The State of Texas, Appellee
FROM THE DISTRICT COURT OF BELL COUNTY, 426TH JUDICIAL DISTRICT
NO. 67,764, HONORABLE FANCY H. JEZEK, JUDGE PRESIDING
MEMORANDUM OPINION
A jury convicted Ronnie Gene Smith, appellant, of sexual assault and assessed
punishment, enhanced pursuant to the habitual offender statute, at sixty years in prison. See Tex.
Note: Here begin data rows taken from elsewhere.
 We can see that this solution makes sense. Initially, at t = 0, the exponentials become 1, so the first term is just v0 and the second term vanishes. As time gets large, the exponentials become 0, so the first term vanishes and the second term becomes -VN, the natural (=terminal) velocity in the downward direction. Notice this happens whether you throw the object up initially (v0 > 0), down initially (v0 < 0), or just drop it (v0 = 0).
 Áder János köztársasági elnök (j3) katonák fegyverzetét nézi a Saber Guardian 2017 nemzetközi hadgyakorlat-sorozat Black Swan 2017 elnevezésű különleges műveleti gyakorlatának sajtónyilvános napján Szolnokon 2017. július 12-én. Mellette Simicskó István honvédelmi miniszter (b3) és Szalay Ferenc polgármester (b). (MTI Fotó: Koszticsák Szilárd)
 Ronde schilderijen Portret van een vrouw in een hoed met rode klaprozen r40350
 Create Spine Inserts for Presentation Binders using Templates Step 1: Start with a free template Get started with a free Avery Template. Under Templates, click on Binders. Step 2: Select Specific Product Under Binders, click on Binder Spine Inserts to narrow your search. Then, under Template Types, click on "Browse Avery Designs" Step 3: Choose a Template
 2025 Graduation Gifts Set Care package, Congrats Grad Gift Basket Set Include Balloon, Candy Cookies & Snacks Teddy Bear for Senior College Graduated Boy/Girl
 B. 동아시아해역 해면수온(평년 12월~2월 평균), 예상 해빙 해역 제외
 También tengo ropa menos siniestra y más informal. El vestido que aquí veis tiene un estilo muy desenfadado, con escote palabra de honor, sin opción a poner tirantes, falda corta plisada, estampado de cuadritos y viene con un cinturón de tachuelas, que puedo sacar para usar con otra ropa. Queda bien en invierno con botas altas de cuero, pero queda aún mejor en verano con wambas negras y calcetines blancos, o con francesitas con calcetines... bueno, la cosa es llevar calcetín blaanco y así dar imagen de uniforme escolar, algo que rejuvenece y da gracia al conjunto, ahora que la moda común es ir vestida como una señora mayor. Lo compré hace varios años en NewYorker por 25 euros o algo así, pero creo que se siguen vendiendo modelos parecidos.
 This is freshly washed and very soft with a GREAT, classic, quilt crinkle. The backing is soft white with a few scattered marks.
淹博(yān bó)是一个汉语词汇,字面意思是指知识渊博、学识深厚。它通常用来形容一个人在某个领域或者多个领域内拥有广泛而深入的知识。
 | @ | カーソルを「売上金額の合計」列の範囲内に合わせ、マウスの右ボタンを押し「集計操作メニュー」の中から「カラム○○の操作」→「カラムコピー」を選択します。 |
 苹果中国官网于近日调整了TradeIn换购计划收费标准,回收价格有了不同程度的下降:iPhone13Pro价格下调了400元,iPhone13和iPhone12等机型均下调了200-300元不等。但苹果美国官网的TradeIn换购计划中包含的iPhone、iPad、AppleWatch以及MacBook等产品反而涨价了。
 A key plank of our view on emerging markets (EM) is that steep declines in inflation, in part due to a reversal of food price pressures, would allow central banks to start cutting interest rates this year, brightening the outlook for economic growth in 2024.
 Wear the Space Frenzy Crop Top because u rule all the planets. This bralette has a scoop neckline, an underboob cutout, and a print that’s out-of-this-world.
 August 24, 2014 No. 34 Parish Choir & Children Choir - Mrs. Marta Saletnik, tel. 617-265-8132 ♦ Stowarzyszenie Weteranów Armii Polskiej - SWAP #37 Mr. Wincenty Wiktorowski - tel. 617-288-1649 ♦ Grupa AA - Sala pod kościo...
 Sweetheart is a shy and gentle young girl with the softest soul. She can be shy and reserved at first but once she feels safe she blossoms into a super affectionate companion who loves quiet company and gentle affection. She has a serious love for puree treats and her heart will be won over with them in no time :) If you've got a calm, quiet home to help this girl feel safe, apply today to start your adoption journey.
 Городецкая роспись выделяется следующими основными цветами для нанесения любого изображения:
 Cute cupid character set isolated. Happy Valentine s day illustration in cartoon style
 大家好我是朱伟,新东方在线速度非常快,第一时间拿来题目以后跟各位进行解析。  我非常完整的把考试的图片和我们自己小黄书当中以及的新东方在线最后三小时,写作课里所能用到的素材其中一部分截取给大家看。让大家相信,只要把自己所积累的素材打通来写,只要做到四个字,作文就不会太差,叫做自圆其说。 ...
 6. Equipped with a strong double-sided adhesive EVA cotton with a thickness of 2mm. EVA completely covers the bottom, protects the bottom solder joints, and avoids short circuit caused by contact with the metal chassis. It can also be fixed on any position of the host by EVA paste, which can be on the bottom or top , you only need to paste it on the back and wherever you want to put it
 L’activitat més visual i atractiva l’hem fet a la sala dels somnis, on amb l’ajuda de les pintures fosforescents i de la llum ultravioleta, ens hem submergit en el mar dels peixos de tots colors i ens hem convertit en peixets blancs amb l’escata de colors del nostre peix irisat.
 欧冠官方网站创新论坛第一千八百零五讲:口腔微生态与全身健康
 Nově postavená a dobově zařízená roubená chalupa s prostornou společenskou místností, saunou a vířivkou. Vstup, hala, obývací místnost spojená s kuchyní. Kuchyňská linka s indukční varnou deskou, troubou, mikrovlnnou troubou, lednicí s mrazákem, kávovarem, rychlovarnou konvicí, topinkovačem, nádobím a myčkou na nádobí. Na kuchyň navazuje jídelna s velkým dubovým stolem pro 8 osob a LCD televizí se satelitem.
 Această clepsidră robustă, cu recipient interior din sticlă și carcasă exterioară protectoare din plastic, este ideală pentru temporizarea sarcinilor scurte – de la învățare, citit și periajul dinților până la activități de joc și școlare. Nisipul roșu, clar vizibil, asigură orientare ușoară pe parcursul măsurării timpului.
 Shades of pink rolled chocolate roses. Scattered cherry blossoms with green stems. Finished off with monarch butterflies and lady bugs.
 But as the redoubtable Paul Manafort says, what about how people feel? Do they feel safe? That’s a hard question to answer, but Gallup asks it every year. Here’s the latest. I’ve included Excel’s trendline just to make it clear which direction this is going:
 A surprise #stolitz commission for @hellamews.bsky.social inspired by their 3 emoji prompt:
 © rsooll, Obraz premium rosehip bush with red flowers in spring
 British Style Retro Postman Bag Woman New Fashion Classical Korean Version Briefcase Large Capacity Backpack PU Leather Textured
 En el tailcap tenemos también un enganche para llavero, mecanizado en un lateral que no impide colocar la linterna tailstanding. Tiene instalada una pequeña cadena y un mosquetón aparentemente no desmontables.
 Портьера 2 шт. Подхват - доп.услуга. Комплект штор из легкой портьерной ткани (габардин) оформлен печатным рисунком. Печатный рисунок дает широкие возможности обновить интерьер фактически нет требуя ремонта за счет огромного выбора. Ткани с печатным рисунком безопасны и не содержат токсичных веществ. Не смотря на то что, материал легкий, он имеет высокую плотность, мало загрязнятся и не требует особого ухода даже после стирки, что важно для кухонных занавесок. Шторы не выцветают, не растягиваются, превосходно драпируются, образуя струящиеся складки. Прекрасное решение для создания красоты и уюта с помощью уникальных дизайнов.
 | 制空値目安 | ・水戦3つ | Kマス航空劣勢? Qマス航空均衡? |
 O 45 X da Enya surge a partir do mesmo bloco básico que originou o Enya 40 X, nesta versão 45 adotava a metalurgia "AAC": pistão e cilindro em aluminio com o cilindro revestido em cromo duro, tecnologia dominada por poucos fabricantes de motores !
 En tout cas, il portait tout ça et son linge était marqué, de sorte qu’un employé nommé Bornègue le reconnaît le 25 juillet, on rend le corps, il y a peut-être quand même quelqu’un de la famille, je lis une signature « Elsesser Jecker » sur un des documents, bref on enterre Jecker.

Penal Code Ann. §§ 12.42(d) (West Supp. 2012), 22.011 (West 2011). In two appellate issues, he
asserts that he received ineffective assistance of counsel in violation of his constitutional rights and
that the trial court erred in denying two motions for continuance made by his attorneys. We will
affirm the trial court’s judgment.
FACTUAL AND PROCEDURAL BACKGROUND
In the early hours of September 1, 2010, A.T. was returning to Belton from Temple
on Interstate 35 in a car driven by her boyfriend. Her boyfriend had consumed alcohol but refused
to let her drive, whereupon she forced him to let her out of the car. She was carrying a purse that
contained, among other things, a cellular phone and a cigarette lighter. She began walking to Temple
along the highway when a man approached her and forced her into a ditch below a concrete
embankment. He vaginally penetrated her while restraining her by the neck. The assailant released
her and instructed her to start walking and to not look back at him. The assailant kept A.T.’s purse,
including the cell phone and cigarette lighter. She went to a roadside motel for help and called the
police. A.T. was examined at Scott & White Hospital where a SANE1 nurse took swabs from her
vagina. Police obtained the number of her cell phone and determined that after the time of the
assault the phone had called a tree-trimming service that was operating temporarily out of a hotel in
Belton. Appellant was a temporary employee of the service. Police spoke to appellant at the hotel,
and he voluntarily provided a DNA sample by means of a cheek swab. Brandy Hendrickson, who
rented the hotel room with her children and is a co-owner of the service, spoke with police and
consented to a search of the room. Hendrickson also informed police that appellant had been staying
in the room with them but had gone out the night of the crime and returned later that morning with
what police later identified as A.T.’s cell phone. Hendrickson testified that before appellant had left
the room that night at approximately 10:30 or 11:00, he had stated that “he was so horny that he was
seeing blurry.” Police found A.T.’s phone in the hotel room along with a lighter that matched the
one that had been in her purse. In their search of the room, police also found a pair of women’s
underwear that Hendrickson testified did not belong to her or any of her children. During the course
of the investigation, police also took a DNA sample from J.R.T, a person who suffered from
schizophrenia and was known to frequent the area in which A.T. was attacked. The sample was
never tested because police eliminated J.R.T. as a possible suspect. Later DNA testing compared
1
“SANE” is an acronym for Sexual Assault Nurse Examiner.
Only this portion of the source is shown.